In collaboration with Luis Posso, an Outreach Specialist from DrugRehab.com, Deskraven is now offering guides on depression and suicide prevention to its readers. For more information on understanding the perils of addiction visit, Substance Abuse and Suicide: A Guide to Understanding the Connection and Reducing Risk! In addition, for a comprehensive depression resource guide from their sister project at Columbus Recovery Center visit, Dealing with Depression!

Mental health

Ugly Truth 028: Restorative Sleep is Essential

“Sleep, those little slices of death — how I loathe them.” 
― Edgar Allan Poe

Dear Readers,

Greetings from the Deskraven blog, where your mental health finds a voice! Today we are going to explore the power of truly restorative sleep because last night I went to bed an hour earlier, and I feel like a new woman. I believe discussing this is worth while since sleep hygiene has everything to do with our over all health, and very little to do with our daily planning as a cultural whole. When we deprioritize sleep, it often trickles down into every area of our life in general, and exacerbates mental illness specifically.

As a fellow insomniac, I feel that beginning with an exploration of my lack of sleep is a great place to start. Insomnia is characterized by the inability to stay asleep, fall asleep, or both. This may be linked to diet, mental health, illness or chronic pain. This may be genetic, circumstantial or environmental. I personally have suffered from an inability to fall asleep and stay asleep, however the inability to stay asleep proves more problematic. Over the years I have found that even if I only manage to gather 4-5 hours of sleep per night, I can function in an acceptable manner if these hours are consecutive. Interestingly, a full 9 hours of sleep is completely useless to me if I wake up 500 times over the course of that time frame, often leaving me even more exhausted and frustrated than before.

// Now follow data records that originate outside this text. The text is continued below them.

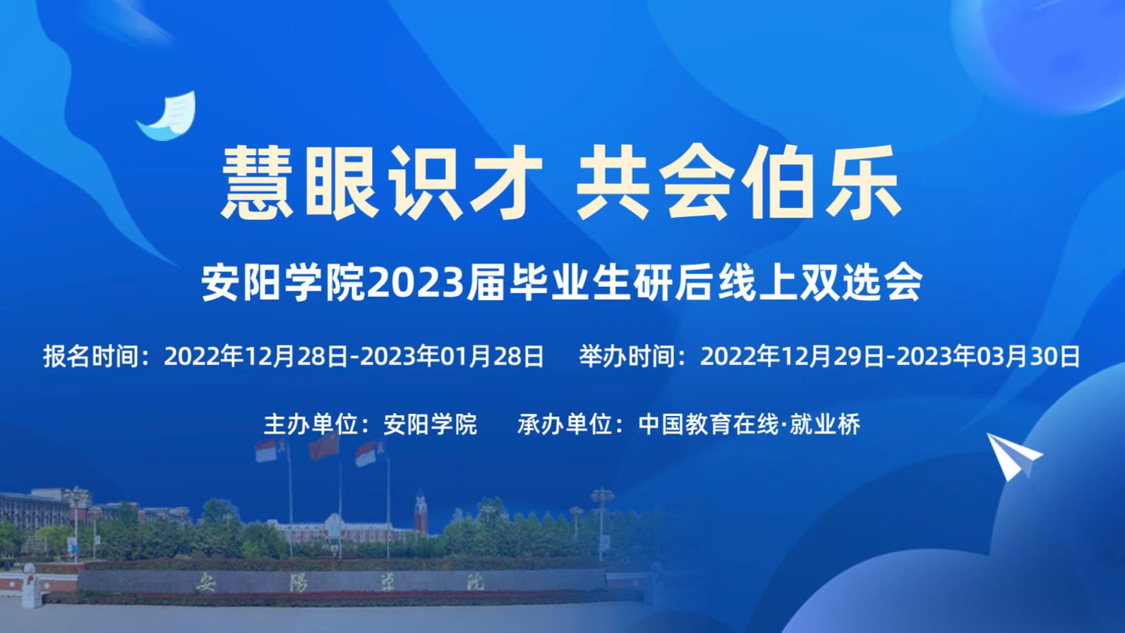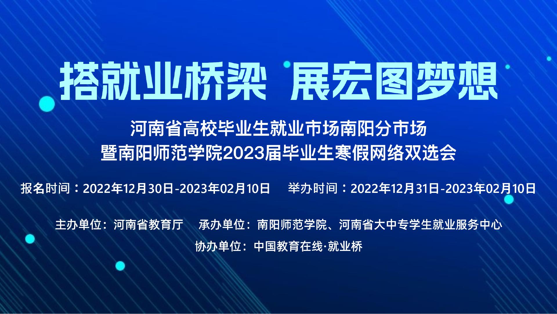 为贯彻落实金博宝最新官方网站查询网址 关于高校毕业生就业创业工作的决策部署,做好疫情防控常态化下的毕业生就业工作,加快建立毕业生和用人单位之间全方位、多渠道的沟通桥梁,更好促进河南高校毕业生就业,满足用人单位对应届毕业生的招聘需求,河南多所高校联合金宝搏188入口 -就业桥共同举办河南各高校2023届毕业生网络双选会。
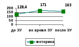 Проанализировав данные мальчиков, видим в первой половине ЭУ отрицательную тенденцию по интенсивности и продуктивности и положительную тенденцию по точности и моторике. Во второй половине ЭУ положительная тенденция по всем показателям. Отдельно отметим, что для мальчиков при анализе моторики брали левую руку, так как из 5 мальчиков в данном классе у 3 доминирует левая рука.
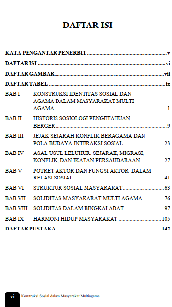 Buku ini mengulas tentang konstruksi sosial dalam masyarakat multiagama. Lingkungan sosial yang didiami oleh individu dan kelompok sosial dalam jangka waktu cukup lama, memungkinkan adanya proses interaksi sosial sehingga warganya saling mengenal. Di dalamnya berlangsung proses pembentukan karakter seseorang maupun sekelompok orang, termasuk karakter yang berhubungan dengan emosi keagamaan. Karakter keagamaan seseorang maupun sekelompok orang yang berkaitan dengan perasaan-perasaan dan hasratnya, nyata dalam sikap dan perilaku dalam pergaulan hidup bermasyarakat. Dalam mengetahui karakter beragama dari seseorang maupun sekelompok orang, harus memahami sikap dan perilakunya antar sesama penganut agama, maupun penganut agama yang berbeda dalam lingkungan sosial sebagai tempat berlangsungnya interaksi sosial. Pandangan seseorang maupun sekelompok orang tentang agamanya dan agama yang dianut orang lain, dapat ditemui pada berbagai fenomena sosial karena konsep berpikir yang cenderung mengklaim bahwa kebenaran absolut hanya ada pada kelompok sendiri, dan di luar itu seolah tidak ada keselamatan. Pandangan seperti ini cenderung mengarah pada karakteristik penganut agama dalam membentuk identitas, sesuai agama yang dianut oleh masing-masing.

In order to achieve better sleep, we must first identify what is keeping us up at night.

My inability to properly slumber began in childhood. I was raised in a very stressful environment chock full of abuse, domestic violence, and abandonment. While there are moments of fleeting joy in my memory, my insufficient childhood most certainly contributes to my troubles with sleep as an adult. I was frequently woke to the sound of yelling, breaking glass, loud music or the sight of my mother with bags at her hip urging us out the door before anyone would notice. This lead to a chronic sense of instability and a complete lack of safety, and therefore less sleep. I was told by my second step-father that it was not unusual for me to talk in my sleep. In my lifetime I can recall one incidence of sleepwalking that resulted in me waking up at the bottom of a staircase. How the fall didn’t wake me I will never know. I am grateful to say that this has never happened to me as as an adult. My father is a natural night owl, so it seems at least some part of my restlessness may be genetic.

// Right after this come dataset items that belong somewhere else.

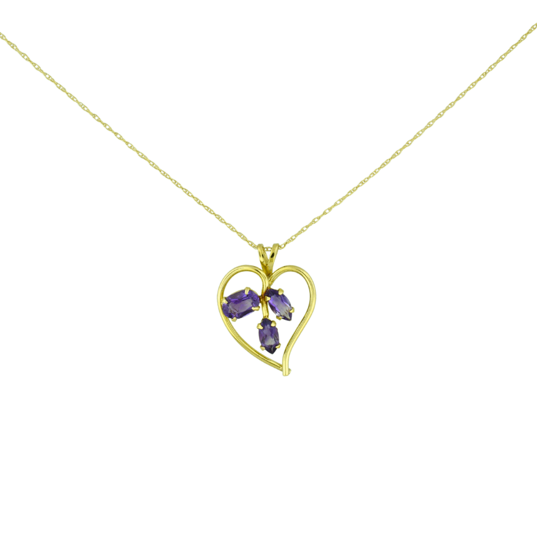 A graceful open-heart design in 14K yellow gold, accented with three marquise-cut amethysts for a touch of color and elegance. Suspended from an 18" chain, this estate pendant embodies timeless romance and refined charm.
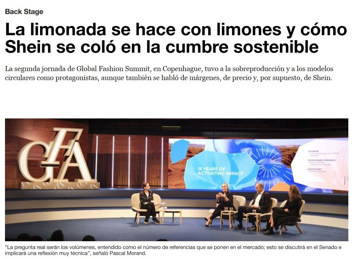 The second day of the Global Fashion Summit in Copenhagen focused on sustainability, circular business models, and overproduction, with critiques of the fashion industry's current practices, including Shein's business model. Speakers emphasized the need for transformative change in the industry, highlighting circularity, creativity, and new regulations, while acknowledging challenges like reduced margins and increased complexity. The French government’s anti-Shein law, aimed at fast fashion regulation, and the call for companies to adapt to new market trends, were key topics discussed.
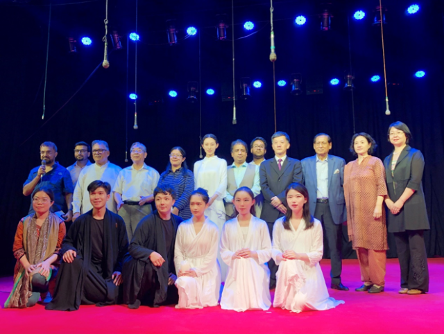 为了庆祝新中国成立70周年,孟加拉国拉开2019“中国文化月”系列活动的帷幕。2019年7月26日至30日,应孟加拉国达卡大学和孟中友谊中心邀请,开云官方网址亚非系系主任魏丽明教授、北京大学语言中心孟加拉语教师石景武先生、开云官方网址亚非系博士生潘啊媛、“齐德拉”演出团队(北京大学中文系2019届毕业生张赵乐、赖海峰、刘静怡)、特邀导演侯角女士等参加中国驻孟加拉国大使馆、孟中友谊中心、达卡大学、孔子学院(课堂)联合举办的“中国文化月”相关活动。
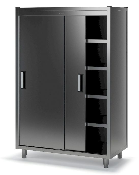 МАТЕРИАЛ: нержавеющая сталь AISI 430 (1 мм) ТИП КАРКАСА: ножки: регулируемая винтовая опора ТИП ДВЕРЕЙ: купе КОЛИЧЕСТВО ПОЛОК: 4 + дно НОЖКИ: регулируемая винтовая опора
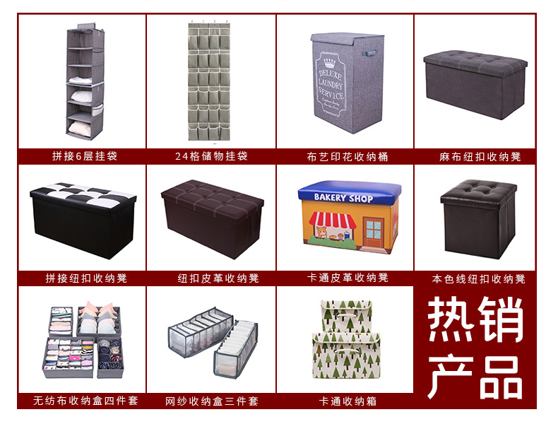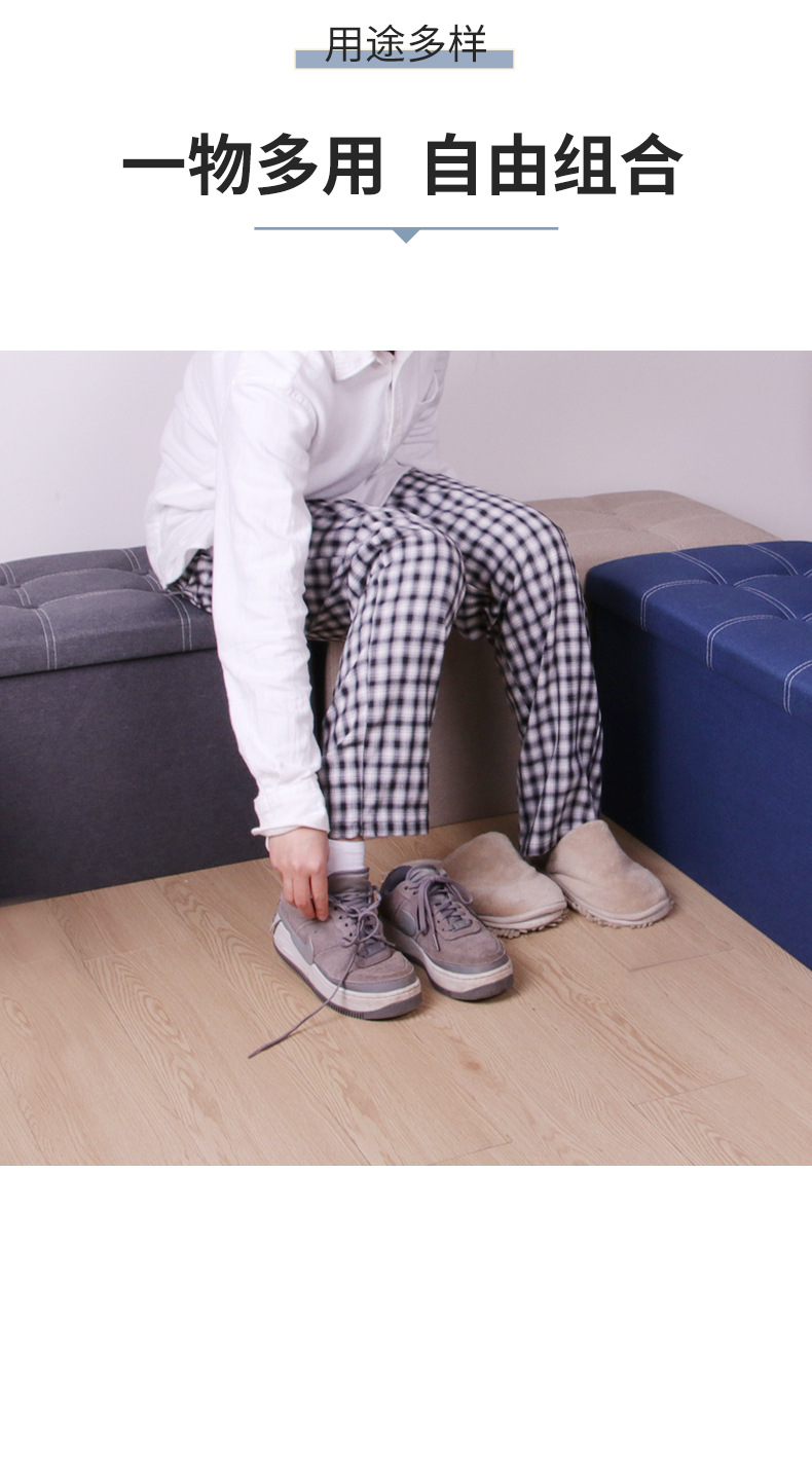 亚马逊收纳凳折叠大容量储物凳家用换鞋凳棉麻双线沙发凳正方形

As the years went by, I was exposed to a number of traumatic events ranging from sexual abuse to medical trauma that resulted in a diagnosis of Post-Traumatic Stress Disorder around the age of 24. This illness greatly reduces one’s quality of life, and is certainly not without consequence in terms of quality rest. I found myself juggling the flashbacks, hyper-vigilance, and nightmares of PTSD, the racing thoughts, pressured speech, and flight of ideas of Bipolar Disorder, and the draining Panic Attacks of Panic Disorder. Add to that a pair of chronic pain conditions and the joys of entering into motherhood myself. Indeed, this is a fine recipe for little to no real actual sleep.

In the beginning I would often self-medicate with alcohol or over the counter sleep supplements such as Unisom. After being diagnosed with a slew of mental health concerns, my psychiatrist found it pertinent to find a way to get me to sleep above all else. By the time I arrived in his office I was getting so little sleep that is was criminal – and it was keeping me sick with paranoia and in the unruly planning stages of deceitful psychosis. Naturally, he prescribed a sleep aid and off I went to dreamland. Still, there is much to be said for the difference between sedation and true natural restoration, not to mention the side effects. A person with mental illness requires more sleep than the average bear because the mind and body are under constant duress. Stress paired with sleep deprivation is a nasty devil which brings sleep to the very top of my self-care list. So, what are the benefits of sleep?

VeryWellHealth writes,

In the past, sleep was often ignored by doctors and surrounded by myths. Now, though, we are beginning to understand the importance of sleep to overall health and well-being. We’ve learned, for example, that when people get less than 6 to 7 hours of sleep each night, they are at a greater risk of developing diseases.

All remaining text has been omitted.